Data on the immunogenicity of the influenza vaccine in children after liver transplantation are sparse. Our study aims to evaluate the response of such patients to the trivalent influenza vaccine, administered by different protocols in 2 influenza seasons.
Children attending the Liver Transplantation Unit of a tertiary care medical center were prospectively recruited and immunized with the inactivated subvirion influenza vaccine during the influenza seasons of 2004/2005 (1 dose, n = 18) and 2005/2006 (2 doses 4-6 weeks apart, n = 32). Antibodies were measured by hemagglutination inhibition assay. Immunity was defined as a titer of ≥1:40, and response was defined as a ≥4-fold increase in antibody titer from baseline.
In 2004/2005, the proportions of patients with protective antibodies were similar before and after 1 dose of vaccine. We found significant difference after the first dose for the A/H3N2 Wisconsin strain (43.2% vs. 70.3%, P = 0.003) and B/Malaysia strains (8.1% vs. 35.1%, P = 0.003) and for A/H1N1 New Caledonia strain (48.6% vs. 64.9% vs. 75%, P = 0.08, 0.005, respectively) after the second dose in 2005/2006 season. In 2004/2005, geometric mean titers rose significantly (P = 0.03) for the A/H3N2 New York strain; in 2005/2006, geometric mean titers for A/H3N2 New York and B/Malaysia increased after the first dose and for A/H1N1 New Caledonia after the second dose. Antibody titers were unrelated to age at transplantation, time from transplantation, and number of immunosuppressive drugs used. No serious vaccine-related events were documented.

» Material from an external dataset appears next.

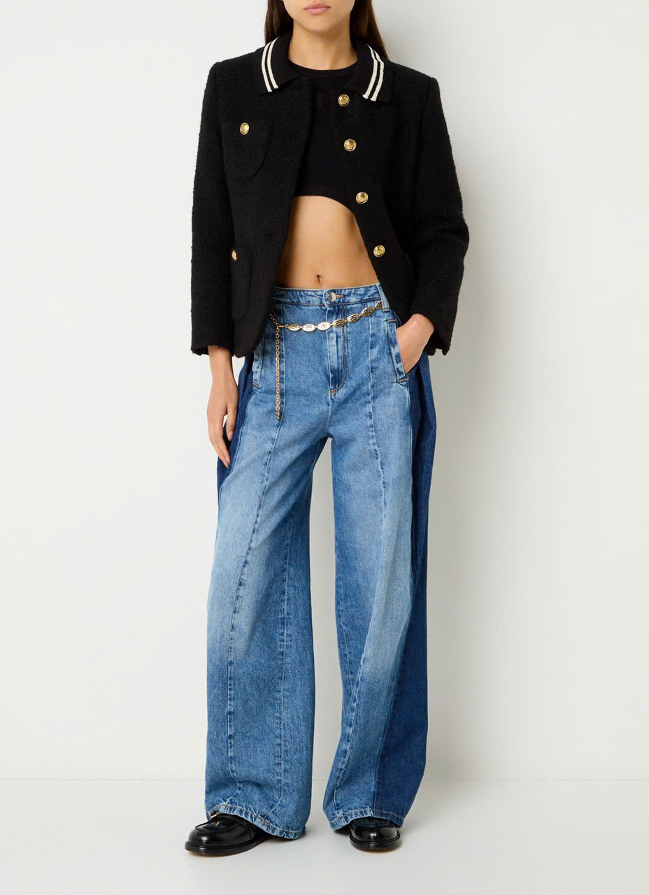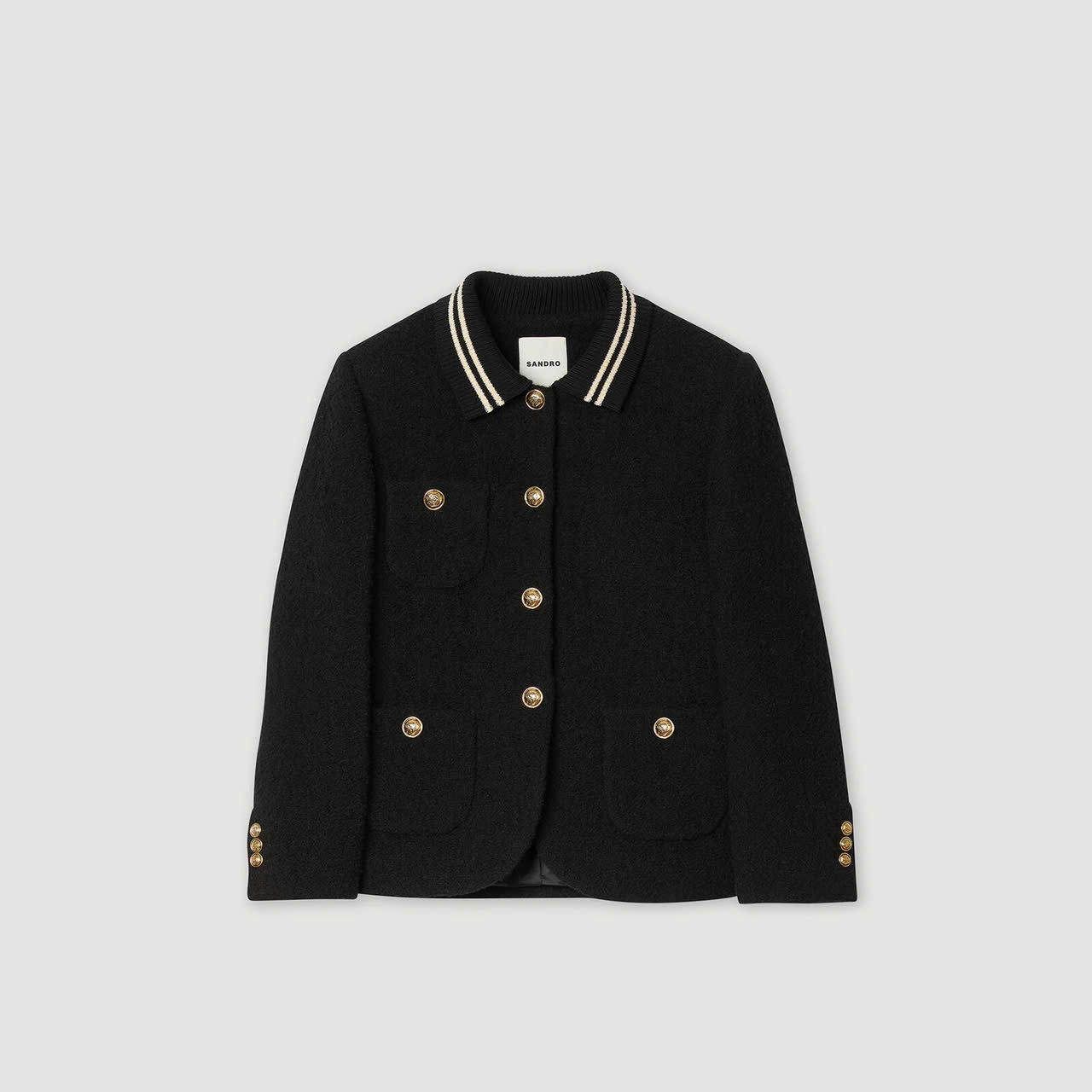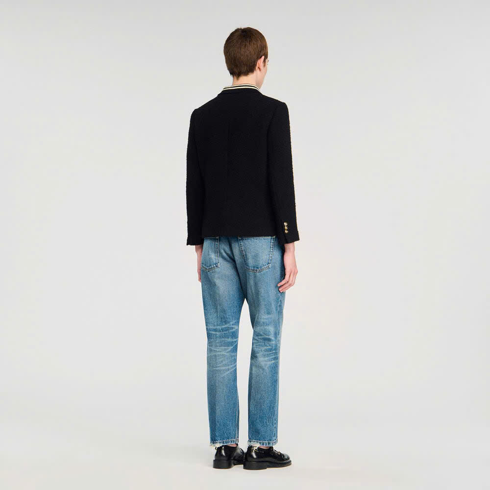 Áo khoác vải tuýt có cổ bẻ và viền tương phản, tay dài, cài nút phía trước và túi vá có nút.

Liver-transplanted children respond to influenza vaccination. For some strains, the response is similar to that reported for healthy children. A second vaccine dose yielded no statistically significant benefit.
关于儿童肝移植后流感疫苗免疫原性的数据很少。我们的研究旨在评估这些患者对两种流感季节中不同方案接种三价流感疫苗的反应。
前瞻性招募在三级医疗中心肝移植科就诊的儿童,并在 2004/2005 流感季节(1 剂,n = 18)和 2005/2006 流感季节(2 剂,间隔 4-6 周,n = 32)接受灭活亚单位流感疫苗免疫。通过血凝抑制试验测量抗体。将效价≥1:40 定义为免疫,将抗体滴度较基线升高≥4 倍定义为有反应。
在 2004/2005 年,1 剂疫苗后,具有保护抗体的患者比例在疫苗接种前后相似。我们发现首次接种后 A/H3N2 威斯康星州株(43.2%对 70.3%,P = 0.003)和 B/马来西亚株(8.1%对 35.1%,P = 0.003)以及 A/H1N1 新喀里多尼亚株(48.6%对 64.9%对 75%,P = 0.08,0.005)有显著差异,而在 2005/2006 年接种第二剂后。2004/2005 年,A/H3N2 纽约株的几何平均滴度显著升高(P = 0.03);2005/2006 年,A/H3N2 纽约株和 B/马来西亚株的几何平均滴度在首次接种后增加,A/H1N1 新喀里多尼亚株在第二次接种后增加。抗体滴度与移植时年龄、移植后时间和使用的免疫抑制剂数量无关。未记录到与疫苗相关的严重不良事件。
肝移植儿童对流感疫苗有反应。对于某些菌株,反应与健康儿童报告的反应相似。接种第二剂疫苗并没有带来统计学上的显著获益。